Thursday, December 31, 2009

Goodbye to All That


Glub . . . glub . . . glub. At the very start of 2009, in my editor's note in the January e-Briefing newsletter, I predicted that the year ahead would be "Byrom-esque." That's a phrase I made up, drawing from an observation put forward by one of the grand corporate statesman of the 1960s and '70s, Fletcher Byrom (pictured), who said: "The best motivated person is a 5-foot 10-inch nonswimmer in 6 feet of water."

That's how I saw 2009 for corporate directors — that the crisis of credit, markets, leadership, and confidence would make board members feels like Byrom's splashing-like-mad nonswimmers in a 6-feet-of-water boardroom — i.e., in (slightly or utterly) over their heads.

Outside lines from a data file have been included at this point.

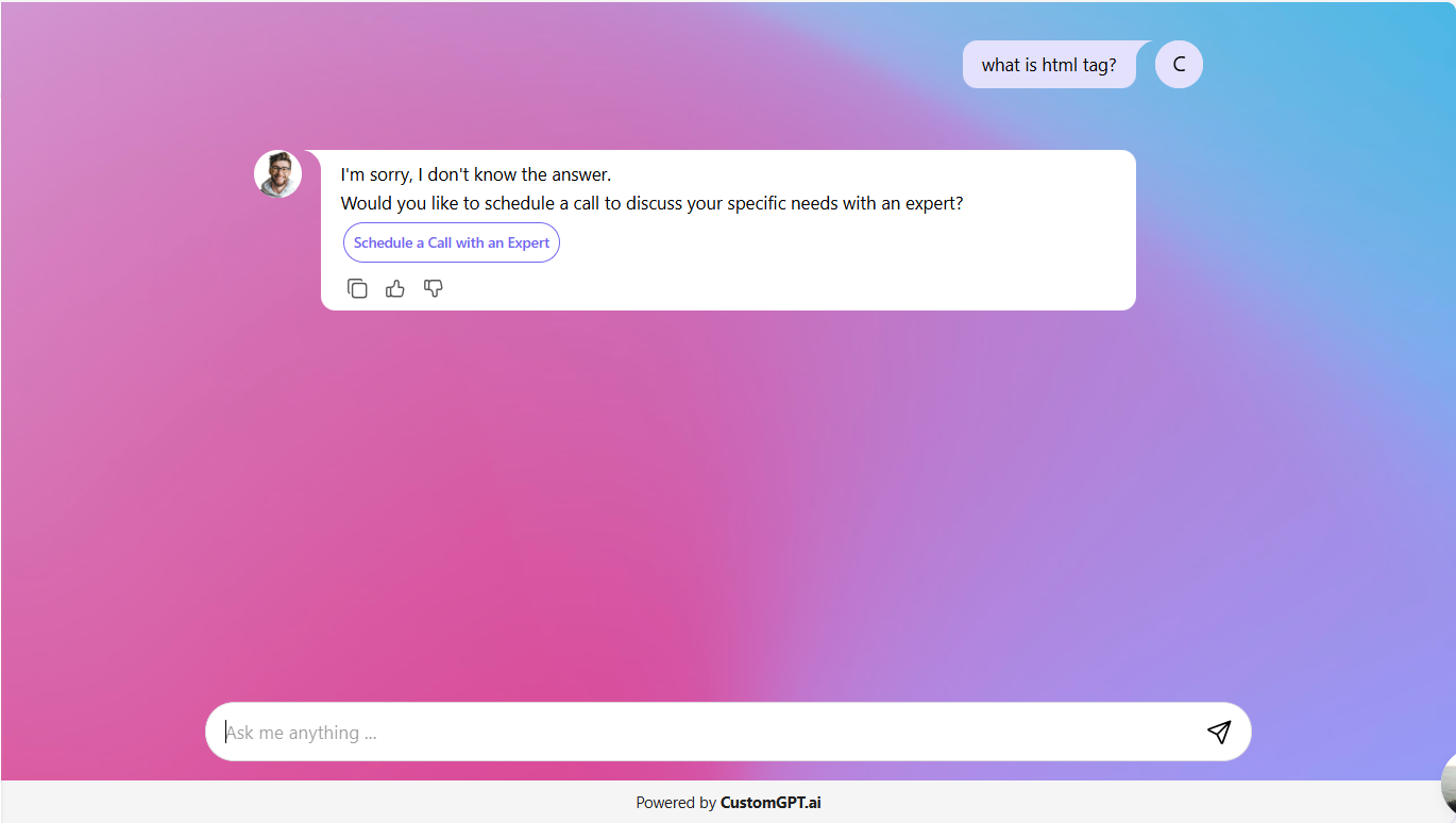 - I’m sorry message: The button appears when the agent apologizes (e.g., low confidence, cannot comply, limited info). Ideal for Human hand-off or a contact us flow.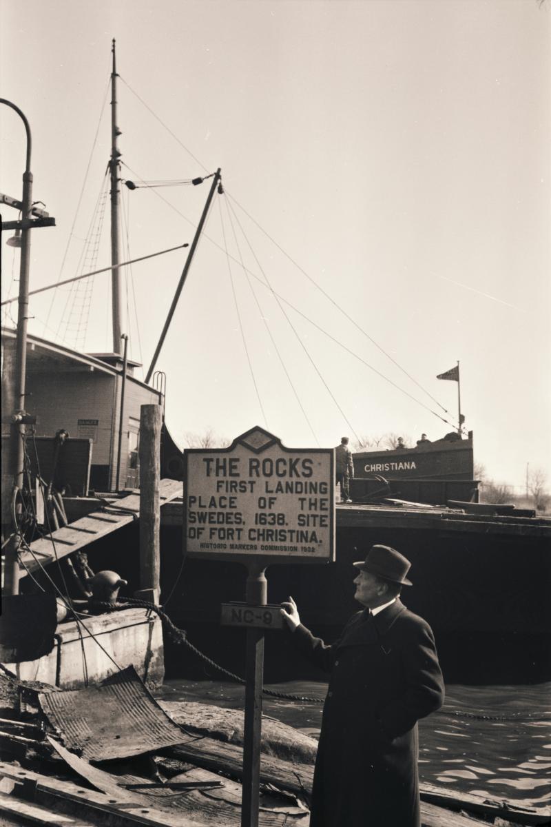 Fotografi taget 1937 under museichef Olof Traungs resa till USA. Bilden visar platsen The Rocks där de första svenska kolonisatörerna landsteg 1638.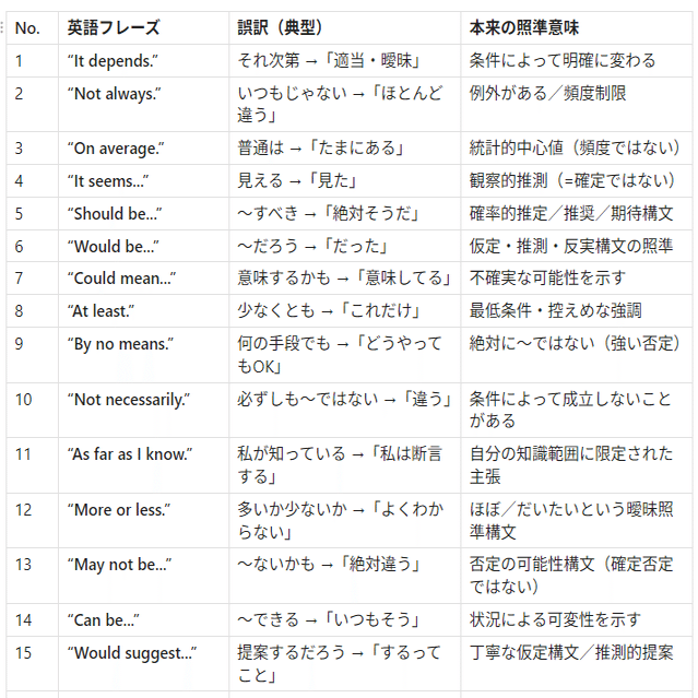 真逆に誤解されやすい英語研究フレーズ
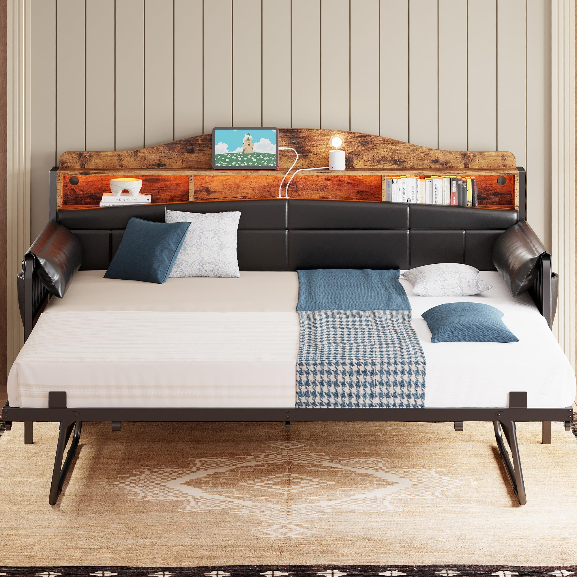 Daybed with Trundle, Twin Day Bed with Bookcase Headboard, Bedside Caddy

That was a pretty good call. Many board members slipped below the surface, never making it through the year. We saw that at Bank of America, Citigroup, AIG, GM, and other troubled entities. When the markets hit their lows in March, it sure looked like lots of bodies were going to be pulled from the water.

That didn't happen, thankfully. In an ocean of troubles, directors played a vital role in helping keep their managements from going under. This fulfilled the second part of Byrom's aphorism: "If you're doing as well as you should, everyone's head ought to be a little under water all the time. People perform best under conditions of moderate tension."

Well, 2009 was a time of more than moderate tension. As we close out the year, let's recognize the survival instincts and crisis-inspired leadership abilities of those directors who made it through this Byrom-esque year.

Sadly, Fletch himself never made it through the year. This grand business leader of the old school — a CEO who led a major industrial corporation (Koppers Co.), served as a powerful presence on the boards of several Fortune 500 companies, moved comfortably between the business world and service to government, science, academia, and philanthropy, and operated as an all-around strategic adviser on the world stage — died in July at the age of 91. I got to know him a bit when I published a major article by him — a classic commentary on succession planning titled "A Message to My Successor" — in 1999.

So, goodbye to Fletch . . . and goodbye to all that splish-splashing of 2009. Can we rest our bobbing arms a bit now?